We don't have adequate numbers to make meaningful comments about Belgium-based Materialise or Germany-based voxeljet. Materialise had a five-year PEG of negative 4.1 last September, which means that at that time analysts didn't expect it to be profitable five years out. There's no longer a five-year PEG assigned to the company, which probably means that analyst coverage decreased. Materialise is unique among the 3D printing group -- it's the only company that doesn't manufacture 3D printers; it's a leading provider of 3D printing software and printing services.

Final thoughts
Arcam is the only one of these stocks that looks potentially attractive at this time. Notably, it's the only one in the group that's profitable.
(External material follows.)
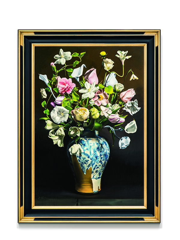 지하에서 작가가 꽃을 미술사적 맥락과 연결 지었다면 1층에서는 좀 더 개인적인 욕망에 초점을 둔 것으로 보인다. 2층에서는 미술사를 교두보로 사회 비판의 제스처를 보여주고자 했다. 이런 전략들은 일부분 표면적이지만 대부분 우회적이다. 따라서 이 전시에서 꽃 자체가 가지는 클리셰가 많은 부분 극복될 수 있다는 점은 분명한 장점이다. 앞에서 말했듯 관객의 시선이 필요한 부분은 색, 배치된 모습, 꽃병의 형상, 액자와 같은 ‘틀’이지 꽃 자체가 아니다. 따라서 이 전시의 작품들은 작가 자신의 작업과 더불어 대상인 꽃을 층별로 다르게 ‘꽃꽂이’했다고 볼 수 있다. 2층에서 사용된 전략이 다소 찝찝한 상태로 끝남에도 불구하고 이 전시는 강력한 기표인 꽃을 다른 상황 속에서 재배치해낸다는 분명히 큰 장점이 있다. 회화에서 대상은 박제되기 마련이기에 자신이 가지는 속성이 고정된다는 약점이자 강점을 가진다. 그러나 작가는 이를 하나의 약점으로 여기고 벗어나기 위해 외부의 프레임을 뒤흔드는 전략을 취한다. 작가가 고수하는 ‘익숙한 대상을 낯설게 보게 하는’ 시도들은 예술에서 가장 중요한 주제다. 그리고 이러한 시도는 거대한 세계 속 부조리함과 어긋남을 지적하는 것이기도 하지만 아주 작은 부분에서 균열을 일으키는 시도가 될 수 있다. 이 전시는 큰 틀에서 이러한 전략을 일부분 성공적으로 취해냄으로써 관객에게 진부성, 클리셰를 비롯한 편견들에 대해 숙고하게 한다.

However, from a strictly P/S and P/E basis, it looks relatively less attractive than it did a year ago. (Unfortunately, we don't have five-year PEGs for Arcam, which would be quite helpful in this analysis, as we'd be able to take into account its future projected growth.)

The other companies discussed look less attractive now than they have in the recent past despite their continued drops in prices. At least some of them are most likely value traps.

The caveats here are that this is a limited analysis based upon just a few quantitative metrics. Additionally, qualitative factors are equally important -- and the biggest one to consider is future competition. Notably, HP Inc. and well-funded start-up Carbon3D both plan to bring an enterprise-focused 3D printer to market in 2016.